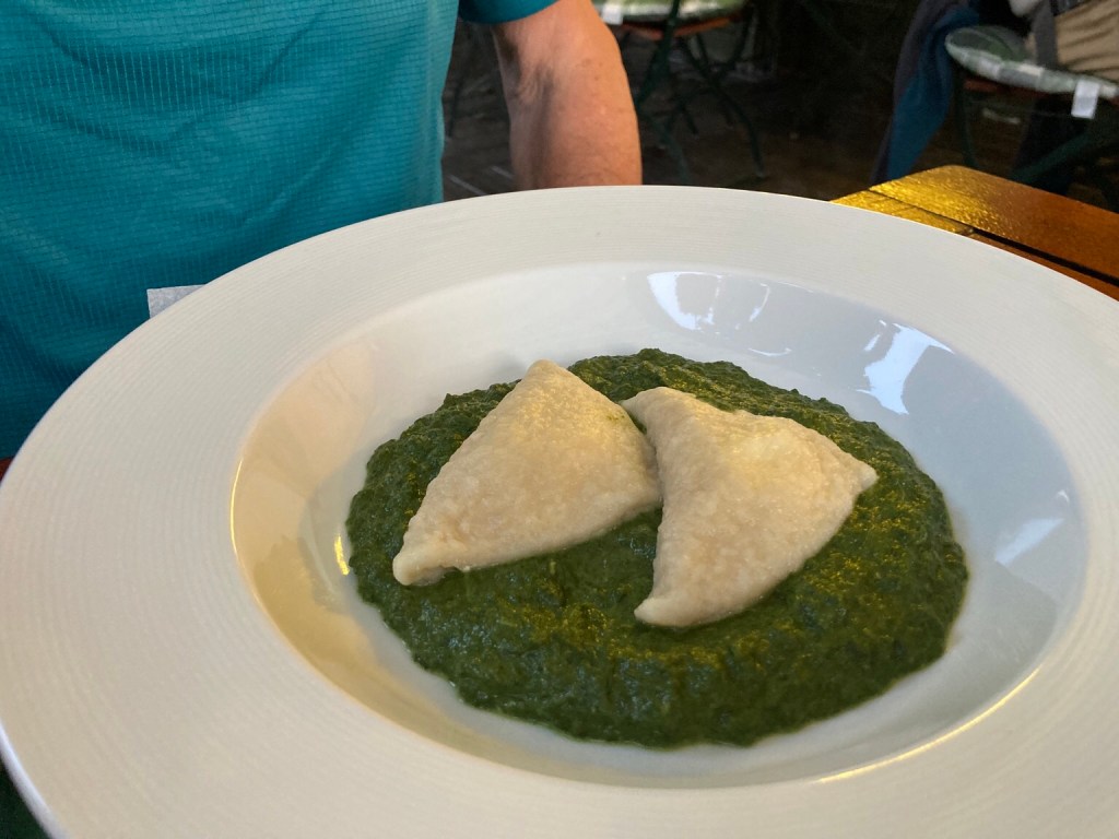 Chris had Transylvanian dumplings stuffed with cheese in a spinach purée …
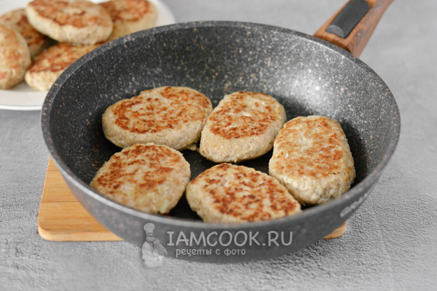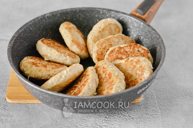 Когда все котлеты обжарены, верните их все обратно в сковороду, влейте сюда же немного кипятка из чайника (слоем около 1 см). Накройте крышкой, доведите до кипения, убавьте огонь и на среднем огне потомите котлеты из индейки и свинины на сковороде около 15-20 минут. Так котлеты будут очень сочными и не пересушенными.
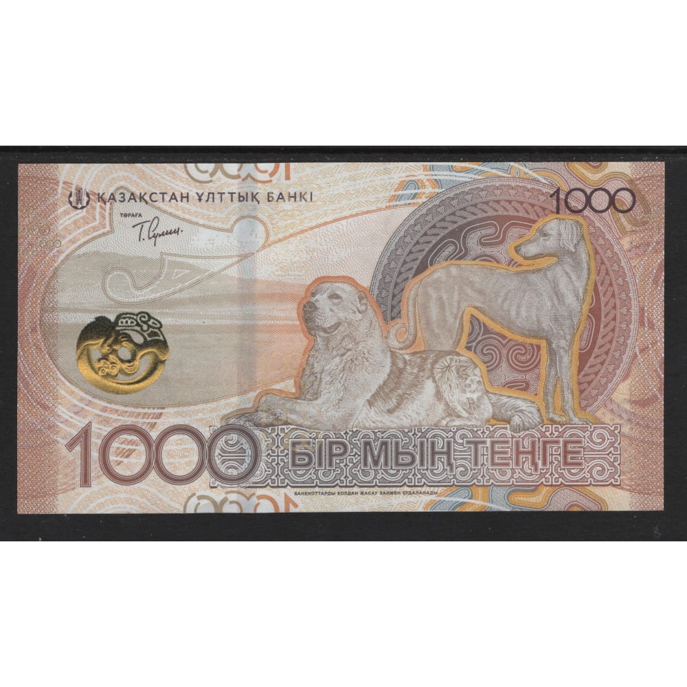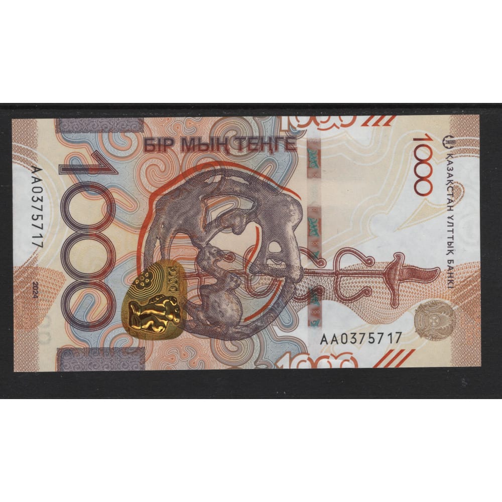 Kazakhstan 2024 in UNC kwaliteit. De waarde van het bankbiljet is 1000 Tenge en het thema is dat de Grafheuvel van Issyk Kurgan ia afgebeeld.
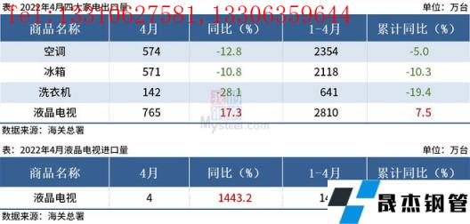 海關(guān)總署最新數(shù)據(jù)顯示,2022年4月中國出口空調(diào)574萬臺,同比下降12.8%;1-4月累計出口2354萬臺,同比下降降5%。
---
Task:
No pictures, please. Output the listing above exactly as it stands.

Exercise response:
 Chris had Transylvanian dumplings stuffed with cheese in a spinach purée …
 Когда все котлеты обжарены, верните их все обратно в сковороду, влейте сюда же немного кипятка из чайника (слоем около 1 см). Накройте крышкой, доведите до кипения, убавьте огонь и на среднем огне потомите котлеты из индейки и свинины на сковороде около 15-20 минут. Так котлеты будут очень сочными и не пересушенными.
 Kazakhstan 2024 in UNC kwaliteit. De waarde van het bankbiljet is 1000 Tenge en het thema is dat de Grafheuvel van Issyk Kurgan ia afgebeeld.
 海關(guān)總署最新數(shù)據(jù)顯示,2022年4月中國出口空調(diào)574萬臺,同比下降12.8%;1-4月累計出口2354萬臺,同比下降降5%。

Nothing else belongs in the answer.